РУНЕЦ. Конечно, ты можешь. А надо, чтобы мог со свадьбой. Хорошо, а потом что? Где жить, чем детей кормить?

ПАВЕЛ. Какой-никакой заработок имеется. И потом, у меня планы?

РУНЕЦ. Ключевое слово: «никакой». Планы! Тебе сколько лет, Паш?

ПАВЕЛ. Двадцать три.

РУНЕЦ. Двадцать три, а ты только поступать собрался. Пять лет в студентах. На чью шею семью посадить собираешься?

ПАВЕЛ. Я в гранитной мастерской подрабатываю на Хованском. На жизнь хватает.

РУНЕЦ. Вот, Кариночка, будет кому памятник на папину могилку поставить.

КАРИНА. Ага, будь спокоен.

РУНЕЦ. А школьная история с кражей? Возьмут ли в Строгановку – ещё вопрос.

КАРИНА. Папа! Ты же знаешь!

ПАВЕЛ. Возьмут. У меня профильное среднее образование и рекомендация с характеристикой.

РУНЕЦ. Профильное? Это вот то пэ-тэ-у в Подмосковье? И кто ж тебе на кладбище рекомендацию выдал? Боюсь даже предположить…

ПАВЕЛ. Я когда в Мурманске служил, писал портреты командования. Мне командующий флотом дал рекомендацию.

РУНЕЦ. Ох, не знаю, не знаю, Пашка. Что-то как-то жиденько. С адмиральской рекомендацией у могилок подвизаться.

ПАВЕЛ. Мы с Кариной любим друг друга. А жизни без трудностей не бывает, особенно в начале.

РУНЕЦ. Конечно-конечно, особенно, если их нарочно собирать.

КАРИНА. Ладно, Паш, хватит. С любовью ты не по адресу обратился. Тут душа дешевле гроша. Идём, я готова.

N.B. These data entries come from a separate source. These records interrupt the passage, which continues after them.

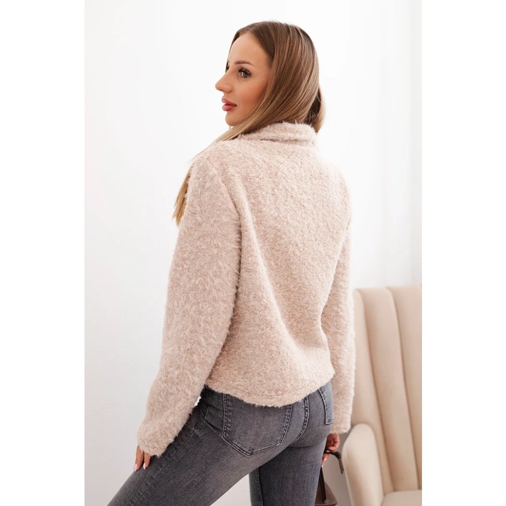 Dámska bunda s vlnou s nadýchanou štruktúrou a ozdobnými gombíkmi béžová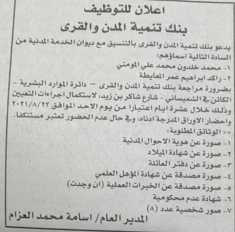 دعا بنك تنمية المدن والقرى وبالتنسيق مع ديوان الخدمة المدنية كل من الاسماء التالية : محمد خلدون محمد علي المومني و راكد ابراهيم عمر المعايطة المراجعة لاستكمال اجراءات تعيينهم خلال عشرة ايام وفقًا للاعلان الذي اطلعت عليه نيروز .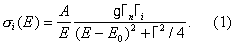 Здесь Г = Гn + Гg + Гa +...— полная ширина нейтронного резонанса, равная ширине резонансного пика на половине высоты, g — статистический фактор, зависящий от спина и чётности резонансного состояния ядра.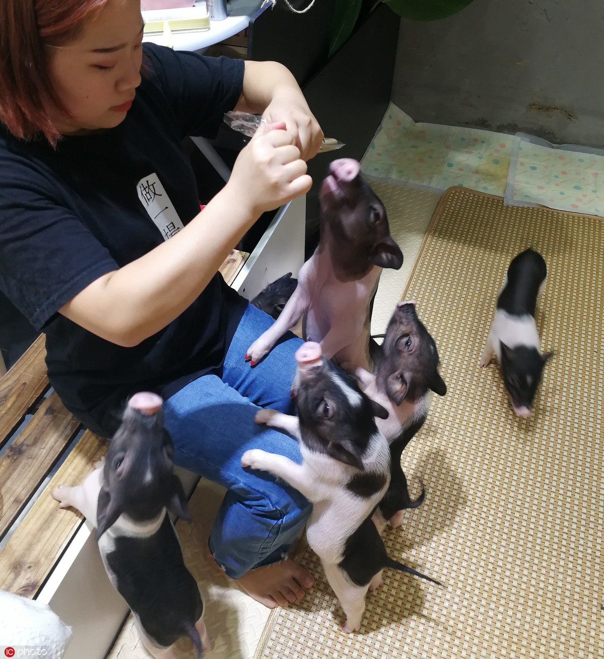 A woman plays with piglets at a cafe in Hangzhou, East China's Zhejiang province, Aug 24, 2019. [Photo/IC]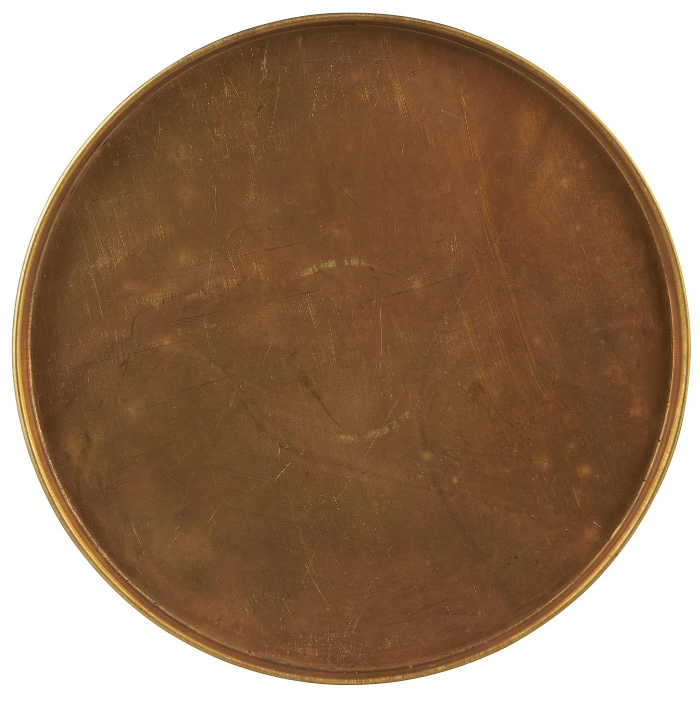 Materjal: messing Läbimõõt: 22cm Kõrgus: 1,2cm Värvus: kuldne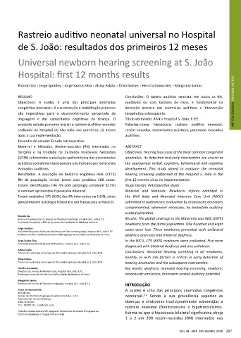 Serviço de Otorrinolaringologia, Hospital de S. João – E.P.E. neonatais. Sendo a sua prevalência superior às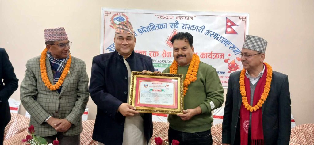धनगढी/पत्रकार एवम् सुदूरपश्चिम प्रदेशमा सबैभन्दा बढी पटक रक्तदान गर्नु भएका रक्तदाता दीपक उपाध्याय रक्तदान सद्भाव दूतमा नियुक्त भएका छन् ।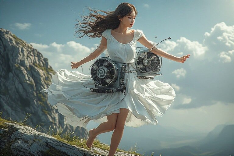 There was something both impressive and quietly amusing about it all a flowing white dress, a windy hill, and a fan-powered flight that felt like imagination had teamed up with invention just for the day.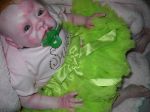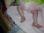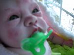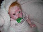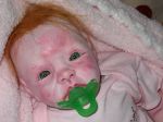 I think you have done quite a good job for your first baby, I think the green dummy detracts her look, especially since she has green eyes, giving her a pink or white dummy would probably tone done her collouring. She does't seem like she has eyebrows, her lips could be a little more smoother, otherwise the blochiness doesn't look bad, it looks nice as a newborn. JIMO> This is ment to be helpfull. XXXXXX June.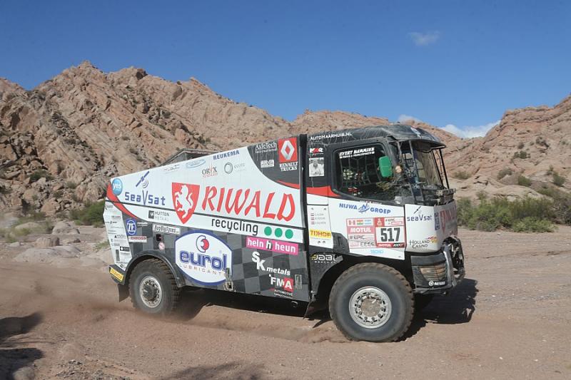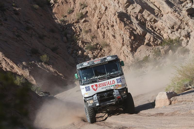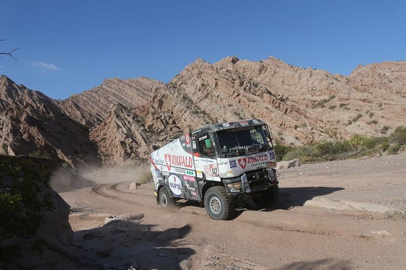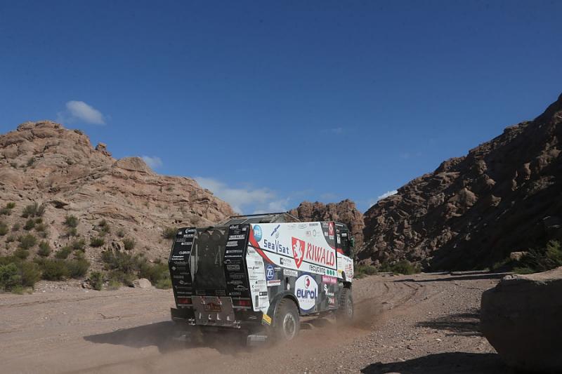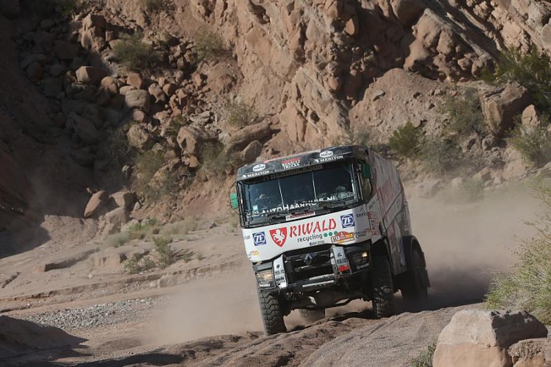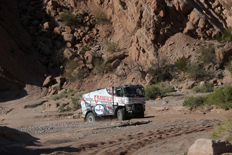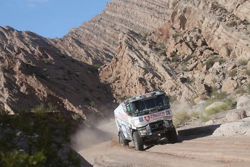 During the 12th racing day the teams of Dakar Rally had to handle a longest timed stage. Russian Nikolajev returned to the overall lead after a day spent lower in the ranking. But his lead is just a single second. Gerd Huzink, riding a north Bohemian Renault Trucks special already aimed to the podium, but he was blocked by a punctured tire.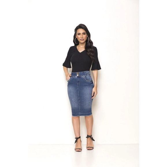 Saia Jeans Tradicional Laura Rosa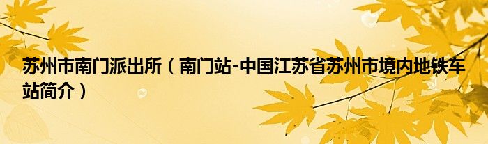 苏州市南门派出所(南门站-中国江苏省苏州市境内地铁车站简介)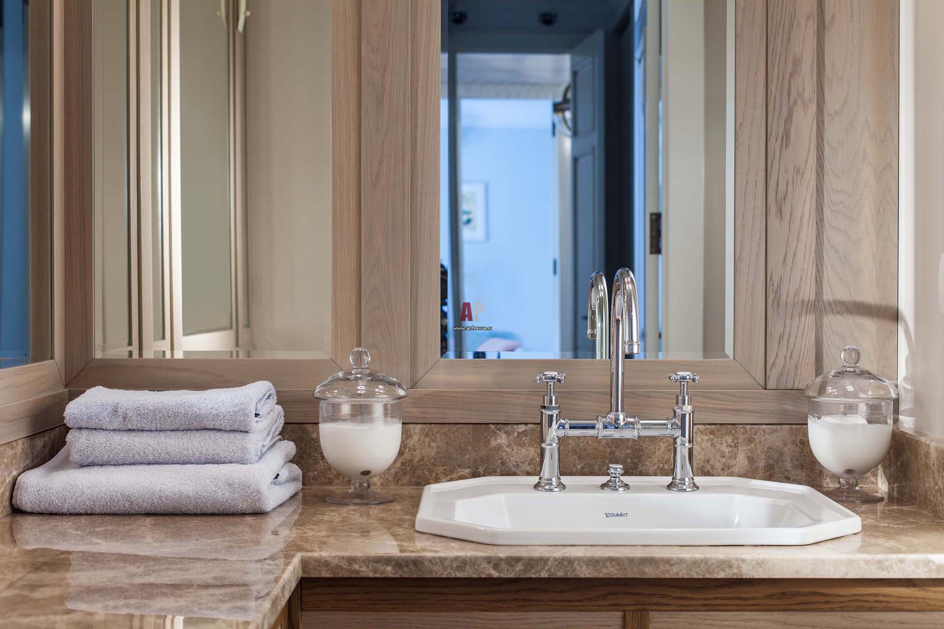 Небольшая хозяйская ванная комната. Столешница умывальника из бежевого мрамора. Сантехника, Duravit.

Звонит телефон. Рунец снимает трубку.

РУНЕЦ. Да, слушаю! Да-да, доктор, здравствуйте! Так-так! Угу… Даже так?

КАРИНА. (Павлу.) Из больницы звонят. Мамин лечащий.

РУНЕЦ. Третья стадия… Да-да, понимаю. Сколько? Ага… И каковы шансы?

КАРИНА. Рак…

ПАВЕЛ. Погоди ты, может, у Анна Осиповны всё ещё обойдётся. Она ж всегда такая, о-го-го!

РУНЕЦ. Ясно, ясно, доктор. Конечно, да. До скорого!

Рунец вешает трубку.

КАРИНА. Ну, что там, пап?

РУНЕЦ. Рак. Третья стадия. Нужда срочная пересадка.

КАРИНА. Насколько срочная?

РУНЕЦ. Неделя-две. Сделают, как только заплатим.

КАРИНА. Сколько?

РУНЕЦ. Много. Вместе с лечением выйдет около двадцати миллионов.